After routine premedication the patient was taken to the operating room and ECG, NIBP, and pulse oximetry monitoring were started .The sciatic and femoral nerve blocks were performed with the aid of a nerve stimulator (Stimuplex® DigRc) using nerve stimulating needles (StimuplexA®, B Braun) with a total dose of 30ml of 0.5% bupivacaine. The sciatic nerve was blocked first in the posterior approach with 15ml of the local anaesthetic solu­tion. A catheter (Contiplex®) was introduced while per­forming the femoral nerve block in the supine position and the remaining 15ml of anaesthetic solution was used for the femoral block.

The patient was pain free and comfortable during the procedure. The monitored parameters were stable throughout the procedure. 1.5L of Ringer lactate was in­fused. Following the procedure the patient was shifted to the intensive care area for monitoring. Bupivacaine 0.125% infusion was started through the femoral catheter for post­operative pain relief for the next 48hrs.


Cardiac output in restrictive cardiomyopathy is usu­ally low and barely maintained by increased filling pres­sures and tachycardia [10]. Consequently, the anaesthetic plan should not include drugs and techniques that cause de­creased venous return, bradycardia, or decreased contrac­tility.

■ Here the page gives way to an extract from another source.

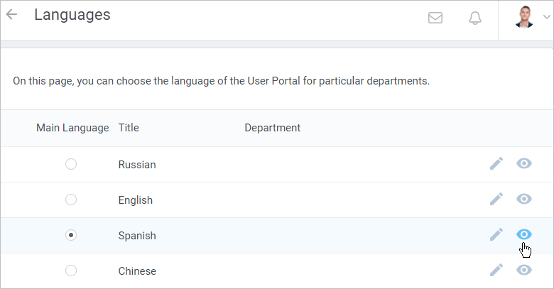 To choose the language version of the User Portal for a specific department:

Invasive monitoring is helpful because biventricular failure is common and small volume shifts may greatly af­fect cardiac output. Inotropic support is beneficial to main­tain stable haemodynamics in these patients because of the risk of death from low cardiac output [11] .

There are very few literature regarding anaesthesia in restrictive cardiomyopathy as it is a very rare clinical entity. There are only two reported cases of an­aesthetic management of restrictive cardiomyopathy as per a Pubmed search from 1990 to 2006.

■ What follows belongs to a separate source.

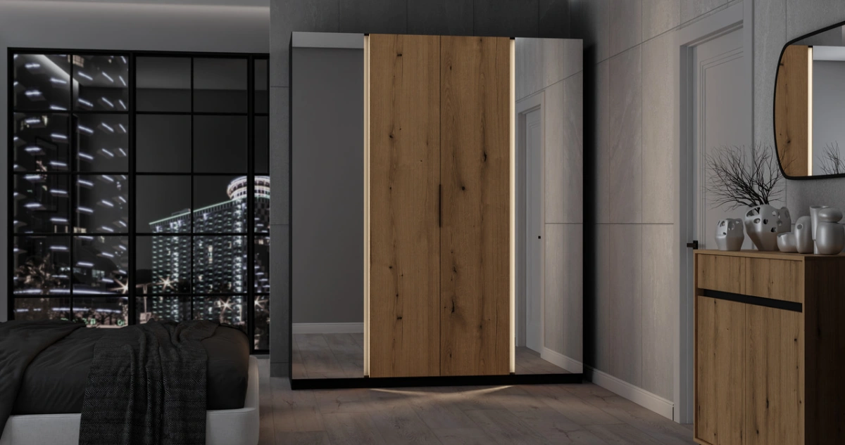 Front – 16 mm laminated board – Evoke Oak + mirrors – 3 mm

In one case, general anaesthesia was administered for a subtotal gastrectomy in a 52 yr old man[12] and in the other case, for a mitral valve replacement in a 48 yr old female[13]. Both the cases were managed with invasive monitoring and inotropic support, but in both the cases improvements in car­diac output occurred with the administration of PGE1 by reducing the left ventricular afterload.

Regional anaesthesia is a widely accepted technique for knee arthroscopic procedures and the combined sciatic-femoral nerve block has been described with successful results [14]. Subarachnoid or epidural block is better avoided in restrictive cardiomyopathy because the decreased venous return resulting from sympathetic block may cause deterioration of cardiac output. Sciatic-femoral nerve block is safe and effective, providing excellent intra and postoperative analgesia as well as minimizing postoperative complications in knee arthroscopy [15].

Therefore we conclude that lower limb procedures particularly thigh and knee, can be safely and effectively managed with combined sciatic-femoral nerve block in patients with restrictive cardiomyopathy without invasive monitoring.